Attaqué par un client du SAS, Louis est obligé d’attendre au moins 37 heures dans le couloir achalandé d’une salle d’urgence éclairée par des néons. Enfants d’un Québec qui a voulu démocratiser l’enseignement, Marc et Louis n’ont pas terminé leurs études secondaires. Pour se moquer des nouveaux portiers bardés de diplôme, Marc se dit fier d’avoir complété un « bacc. en hockey cusom »… Les systèmes de santé et d’éducation, deux piliers du « modèle social » québécois, seraient donc en panne. Le Québec de Minuit le soir est également rongé de l’intérieur par la rigidité du corporatisme syndical et professionnel. Col bleu le jour à la ville de Montréal, Louis se repose de ses nuits au SAS couché dans les feuilles mortes de son camion. Dans les catacombes de la Cité, il passe de longues heures à jouer aux cartes et à boire de la bière avec ses copains syndiqués. Les « acquis » syndicaux constamment invoqués par Louis pour ne pas travailler – « on a droit à trois burn-out par année », explique-t-il railleur – n’ont plus rien à voir avec une forme quelconque de justice sociale : ils servent les intérêts d’un petit groupe de mafieux au sein duquel règne la loi du silence. Lorsque Louis, durant la deuxième saison, brise par mégarde cette omertà, il est aussitôt exclu de la tribu, et de manière sauvage. Dans ce Québec du chacun-pour-soi sont aussi exclus des corporations professionnelles tous ces immigrés à qui on a fait croire que le Québec manquait cruellement de main-d’œuvre qualifiée. Le psychologue de Marc, diplômé de l’Université de Budapest, homme plein de sagesse et qui dispose d’une excellente maîtrise du français, est en fait concierge et affiche ses services de psychologue dans les toilettes publiques. Un collègue à lui, Chilien spécialiste des désordres sexuels, fait des consultations dans un restaurant MacDonald. Même le système de justice est un mensonge. Pour obtenir son pardon et voir disparaître pour de bon son casier judiciaire, Marc s’en remet à la petite mafia locale.
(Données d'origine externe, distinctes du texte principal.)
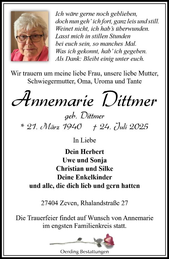 Hiermit spreche ich Euch mein aufrichtiges Beileid zum Tode Eurer Ehefrau, Mutter, Großmutter, Urgroßmutter und Tante Annemarie aus.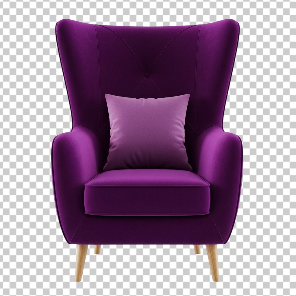 Elegant Purple Velvet Wingback Armchair PNG Transparent Background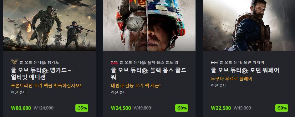 할인 품목 : 디아블로2 레저렉션, 콜오브듀티 시리즈 등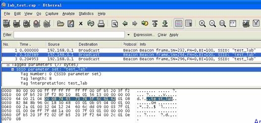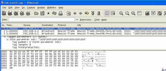 雖然禁用了SSID廣播,但是我們?nèi)匀豢梢酝ㄟ^偵聽無線數(shù)據(jù)包“透視”無線網(wǎng)絡(luò)查找SSID,Airmagnet Laptop就是這樣一款專業(yè)的無線網(wǎng)測試軟件,禁用SSID廣播這種小伎倆根本瞞不過它的法眼(圖一),Annouced SSID(通告SSID):NO,SSID:test_lab。Airmagnet快速準(zhǔn)確的獲得了我們需要的信息,而且告訴我們它原本是不廣播SSID的,來看看此功能是如何實(shí)現(xiàn)的。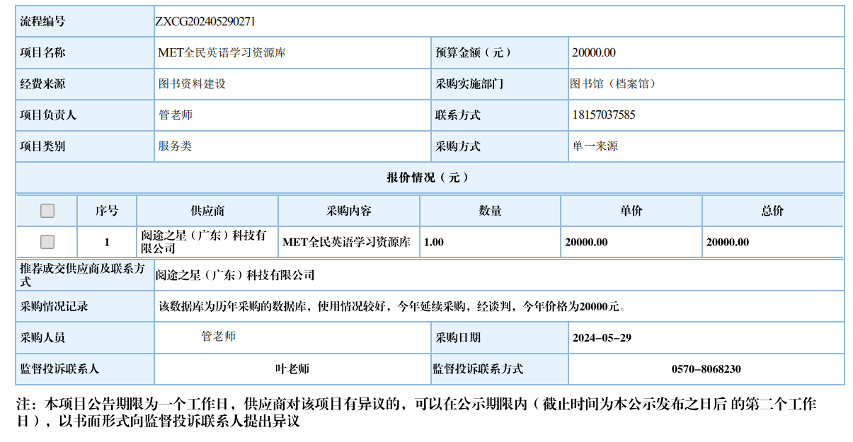 开元网页版MET全民英语学习资源库自行采购信息公示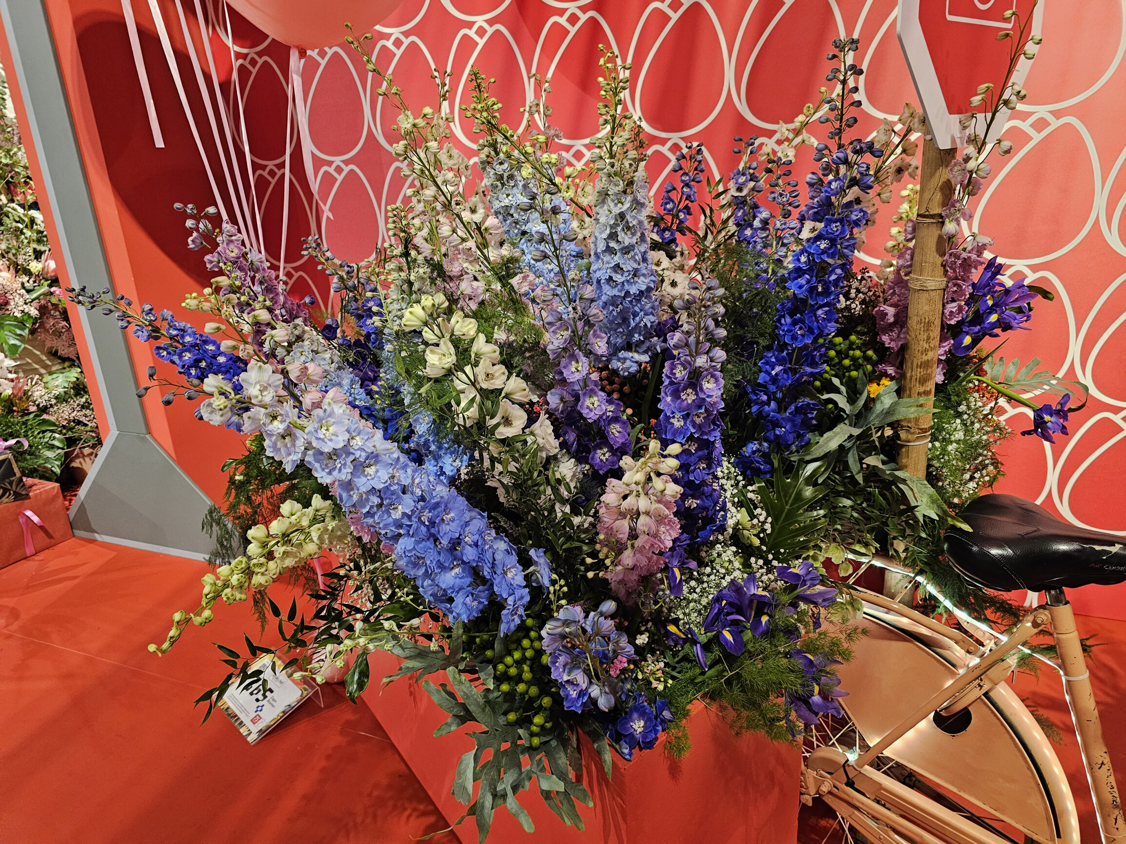 Følgende blomster kan beundres i Oranje Nassau-pavillonen på Keukenhof indtil onsdag: forskellige sorter af Hypericum, Veronica Smart Wave, Eupatorium Lucky Pink, enkelt- og dobbeltblomstrede Delphinium, Gypsophila 'Polar Bear', Iris Blue Magic, Matricaria (kamille), Astrantia Billion Stars, Scabiosa fr Vanilla Scoop, Helleborus Magnific Bells og fire farver af Phlox. Alt dette suppleres af dekorativt grønt som Euonymus japonicus 'White Spire', Monster Leaf, Philodendron Xanadu, Cyrtomium falcatum og forskellige aspargesarter.

Dans le Québec de Minuit le soir, on ne se questionne jamais sur ces dysfonctionnements graves. On ne critique pas les politiciens ou les fonctionnaires pour leur mauvaise gestion, ni la génération précédente pour ses choix. On ne déplore jamais l’écart entre les beaux récits de la Révolution tranquille et la triste réalité du Québec d’aujourd’hui. Aucun apitoiement, aucune jérémiade, aucune déception : on prend acte de la dureté de la vie et on tente de tirer le meilleur parti des circonstances. Les personnages ne vivent tout simplement pas dans le Québec historique, ni ne participent à aucune aventure collective.

Comme c’est souvent le cas dans la dramaturgie québécoise, le dénouement est malheureux, à tout le moins pour les deux personnages clefs.  Dans le dernier épisode de la troisième saison, un Marc serein se rend chez Fanny avec un bouquet de fleurs dans le but de lui déclarer son amour. Le happy end est gâché par un assassinat complètement inattendu. Cette mort n’a aucun sens, comme la vie de tous ces personnages.



Éric Bédard*

 

NOTES

*       Éric Bédard est historien et professeur à la Télé-université (téluq) de l’Université du Québec à Montréal.

[1]       Michel Houellebecq, Extension du domaine de la lutte, Paris, Maurice Nadeau, 1994, p. 100-101. Les ajouts entre crochets  sont de moi.